Hong Kong, 1999
Reviewed at the 1999 Toronto International Film Festival by Shelly Kraicer
One of the festival's small disappointments was Sylvia Chang's new film, Tempting Heart. Chang, who directs, acts, and also wrote the screenplay, plays contemporary Hong Kong filmmaker Cheryl.
She works with a colleague to turn episodes of her life into their newest project. A life of teen romance thwarted, then fitfully revived in adulthood: Gigi Leung and Takeshi Kaneshiro, high school sweethearts in 70s, reencounter each other in the '80s and '90s. Karen Mok adds interest as the best friend and would be lover of both.

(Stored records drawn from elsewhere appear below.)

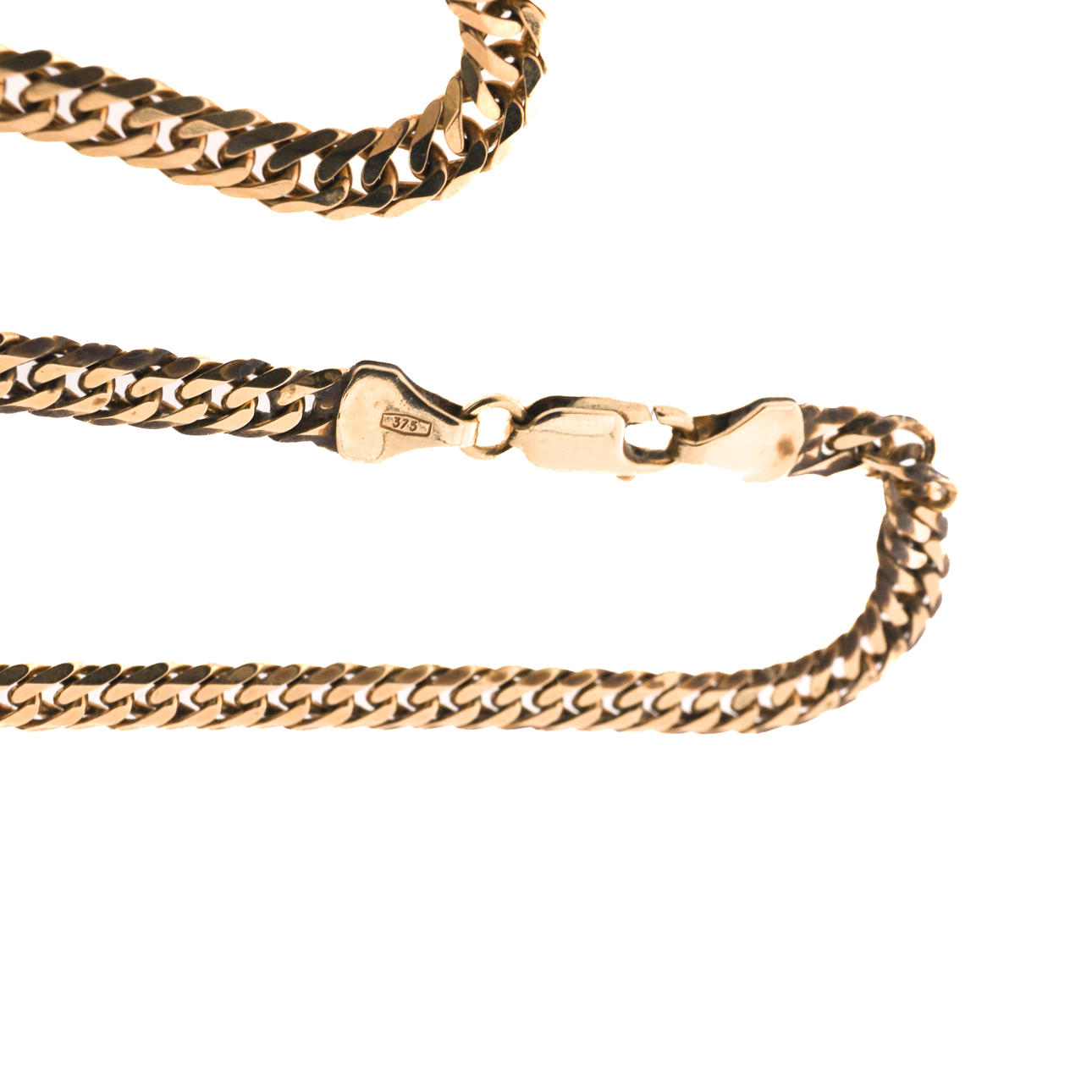 Eine moderne, abgeflachte Panzerglieder-Halskette mit dem Stempel 375.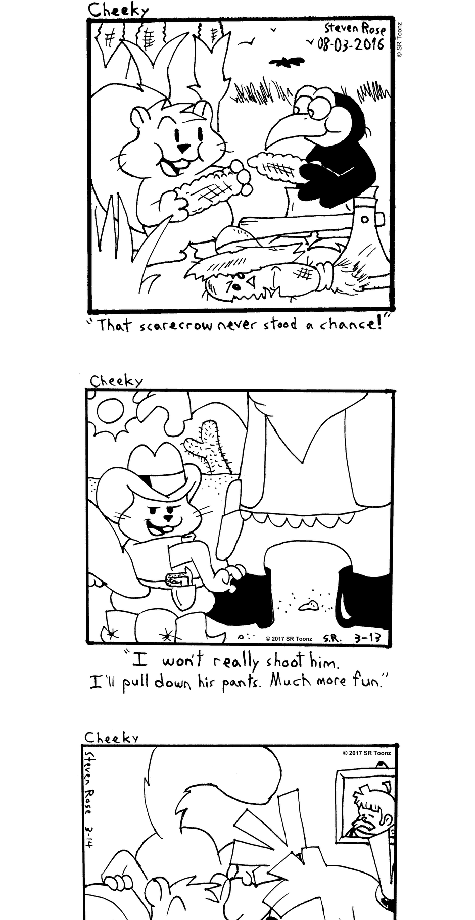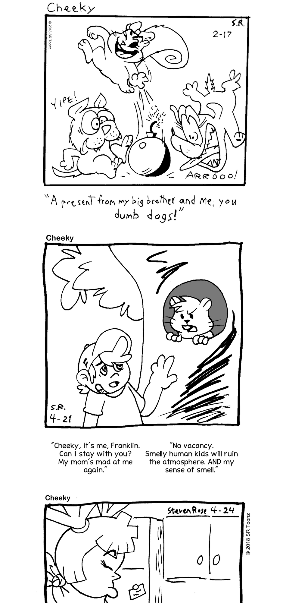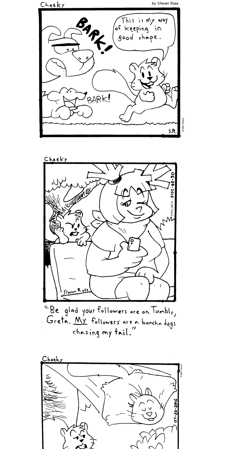 Whether it's tormenting dogs at the park, romancing with Miss Pin-Up, trying to lift the spirits of timid young Franklin Fowler, hanging out with Greta, or just causing destructive mayhem, Cheeky (and his little sister Nougette) gotta do what a squirrel's gotta do!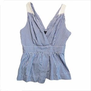 Adorable cotton blouse from Banana Republic. Thin blue and white stripes. Faux crossover front, V neck, sleeveless with pleating detail on shoulders. Size 6.

Production credits are superb. Taiwanese cinematographer Mark Lee Ping-bin creates a beautiful, subtly modulated colour palette (in what I'm beginning to think of as characteristically Taiwanese aquatic-textured soft greens and blues) to the '70s sections. There is an overall polish to the film that gives it a easy, commodified gloss that might make it successful as entertainment product.
This easily consumable package, though, contains a narrative with some tricky discontinuities and multiple layering. Despite its fidgety structure, which embeds flashbacks inside what is only belatedly revealed to be a film-within-a-film, Tempting Heart remains mired in a world of cliched nostalgia. But it's not clear to me how the film benefits from these bits of the story that are withheld until late in the narrative. In a text which seems to take the nostalgic attitude as a given, which avoids interrogating/unpacking its more problematic aspects, occasional narrative discontinuities come off as mere formal trickery, insufficiently daring to be playful, inadequately motivated to be meaningful in any sort of self-reflexive way.
The soft-centered and largely predictable screenplay isn't helped by the teen idol stars: Kaneshiro is at his least expressive, and Gigi Leung at her most (which puts them at about the same level). It is always a pleasure to watch Karen Mok in a film: here, she manages, in her final monologue with Kaneshiro, to transcend her material, and bring her severely under-written character to brief, vivid, moving life. Several minor character roles were nicely realized, though Chang herself seemed uncharacteristically constrained in her role in the framing story.